Pandemic Unemployment Assistance (PUA)
Pandemic unemployment assistance provides emergency unemployment assistance to workers who are ineligible for regular state unemployment, or who have exhausted their state benefits. Workers who are eligible for state unemployment are excluded from this program.
Those eligible for Pandemic Unemployment Assistance include self-employed workers, including independent contractors, freelancers, people seeking part-time work, and those who do not have a long-enough work history to qualify for regular state unemployment benefits.
Applicants will need to provide self-certification that they are (1) partially or fully unemployed, OR (2) unable and unavailable to work because of one of the following circumstances:
- They have been diagnosed with COVID-19 or have symptoms of it and are seeking diagnosis;
- A member of their household has been diagnosed with COVID-19;
- They are providing care for someone diagnosed with COVID-19;
- They are providing care for a child or other household member who can’t attend school or work because it is closed due to COVID-19;
- They are quarantined or have been advised by a health care provider to self-quarantine;
- They were scheduled to start employment and do not have a job or cannot reach their place of employment as a result of a COVID-19 outbreak;
- They have become the breadwinner for a household because the head of household has died as a direct result of COVID-19;
- They had to quit their job as a direct result of COVID-19;
- Their place of employment is closed as a direct result of COVID-19.
Workers are not eligible for Pandemic Unemployment Assistance if they can either work remotely with pay, or are receiving paid sick days or paid leave. Undocumented workers do not qualify.
Amendments to the Families First Coronavirus Response Act (FFCRA)
The CARES Act made several amendments to the recently passed Families First Coronavirus Response Act (FFCRA), such as:
- Employers may receive tax-credit advances for paid sick and FMLA leave;
- Employers have the option to pay employees more than the monetary limits in the FFCRA, but additional compensation is not subject to a tax credit;
- Rehired employees are eligible for paid FMLA leave, so long as the employee was employed for at least 30 of the last 60 calendar days prior to layoff’;
- Federal agencies can reimburse federal contractors through September 30, 2020 for paid leave (up to 40 hours per week and subject to other limitations) to keep employees or subcontractors “in a ready state” if they cannot perform work or telework due to COVID-19.
Small Business Loans via the Small Business Administration (SBA)
The SBA will provide 100% federally-backed loans to eligible small businesses and 501(c)(3) non-profits with less than 500 employees. These loans will be issued through banks and other lenders and DO NOT require SBA pre-approval.
These ‘Paycheck Protection Loans’ can cover payroll costs, interest costs, rent, and utilities. The loans will equal 2.5 times the monthly payroll costs. The interest rate through the lenders will not exceed 4%.

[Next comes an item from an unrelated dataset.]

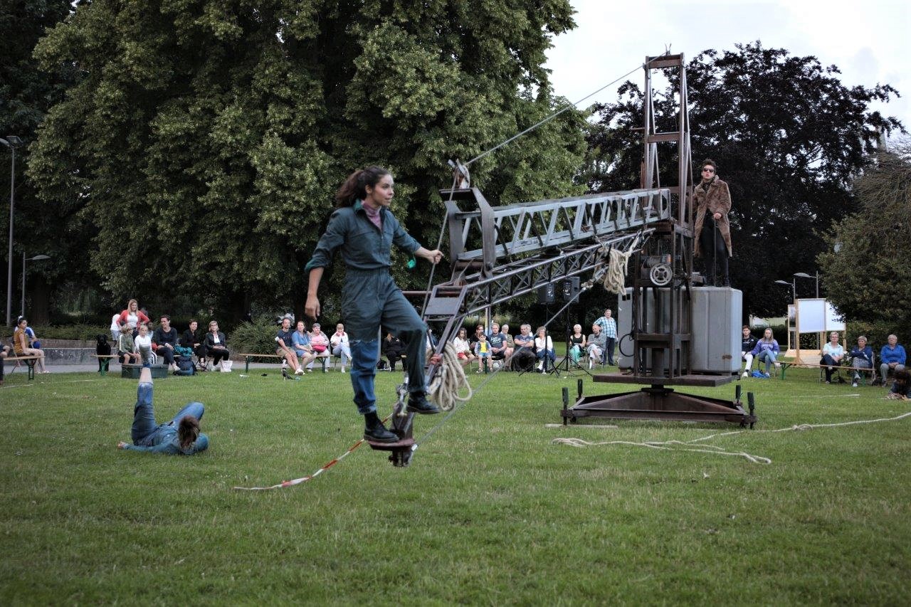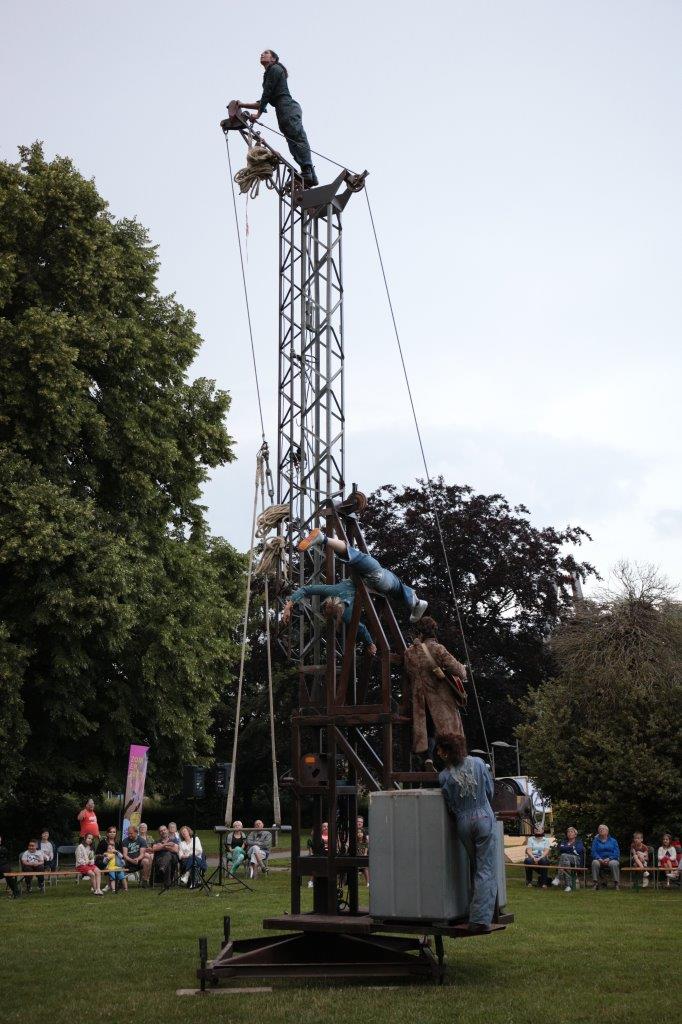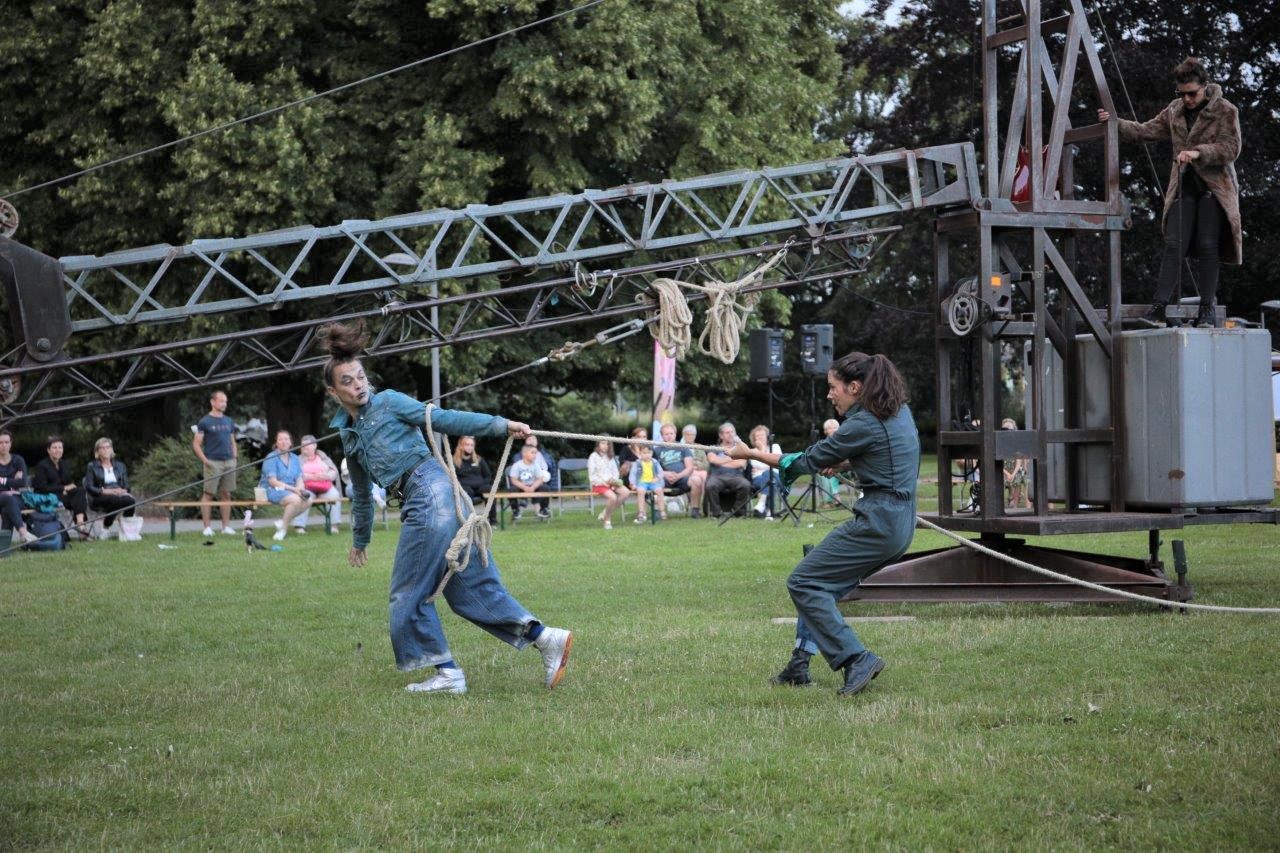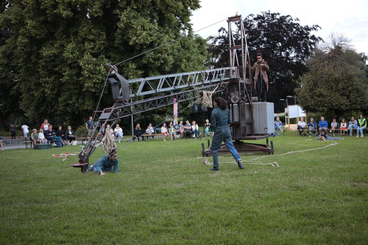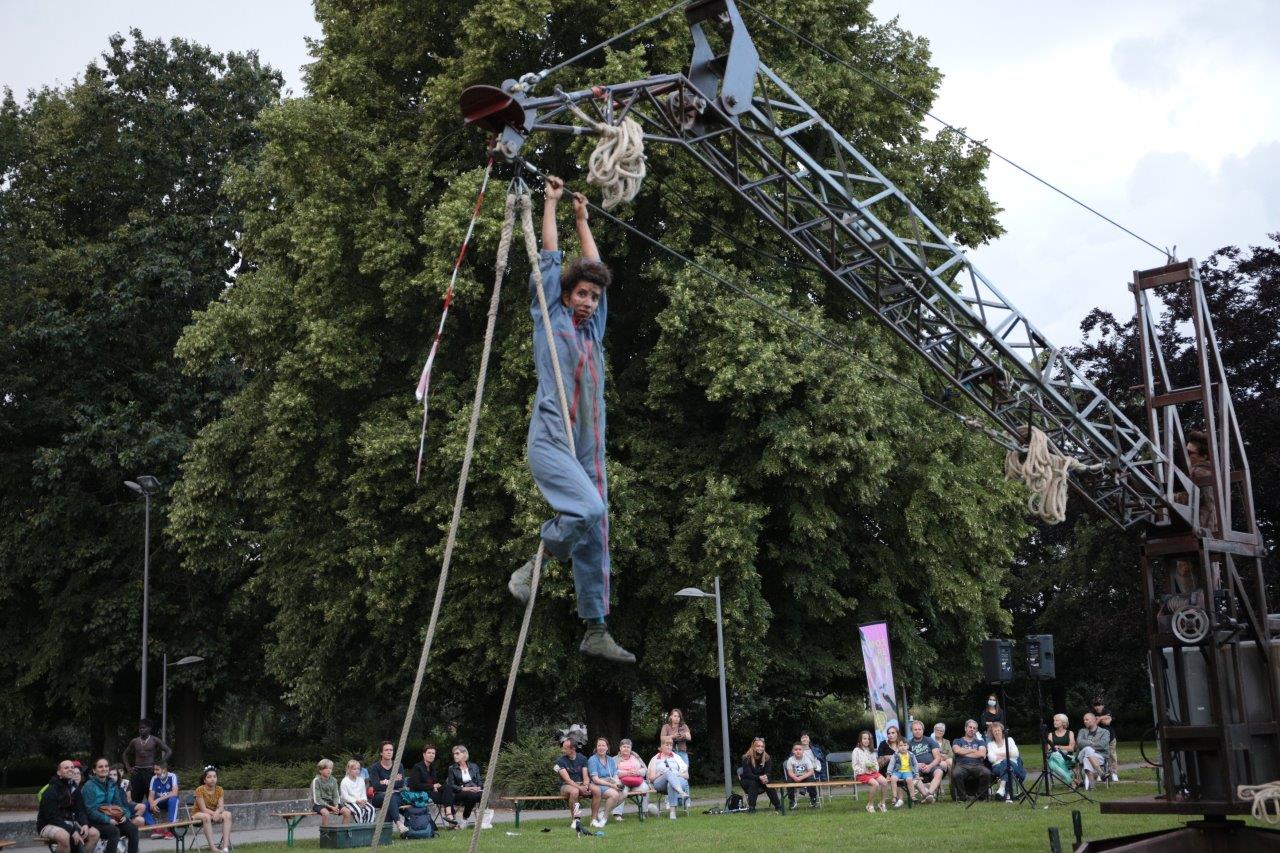 Het publiek kon bij de start van de voorstelling nog genieten van een fijn zonnetje. Naarmate de act vorderde, trok de hemel steeds meer dicht. Tenslotte moest de voorstelling worden ingekort door een kort maar krachtig onweer boven het stadspark.

Loans will be forgiven if the business keeps staff on the payroll between March 1 and June 30. In effect, this makes the loan a general operating grant. Forgivable loans of this type can be taken out for as much as $10 million.
The SBA will administer the program through the states. The SBA’s coronavirus website has the most up to date information available on current loan packages and program information.
The CARES Act requires that health insurance plans cover the full cost of COVID-19 testing, in addition to requiring testing companies to publish prices on which this benefit will be based. Further, the Act requires health insurance plans to provide full insurance coverage for immunizations or preventive services for COVID-19, which have not yet been developed.
Student Loan Relief
The CARES Act also provides relief to federal student loan borrowers during the COVID-19 national emergency. Federal student loan borrowers only are automatically being placed in an administrative forbearance. This allows borrowers to temporarily stop making monthly student loan payments. This suspension of payments will last until Sept. 30, 2020. However, borrowers can still make payments if they choose.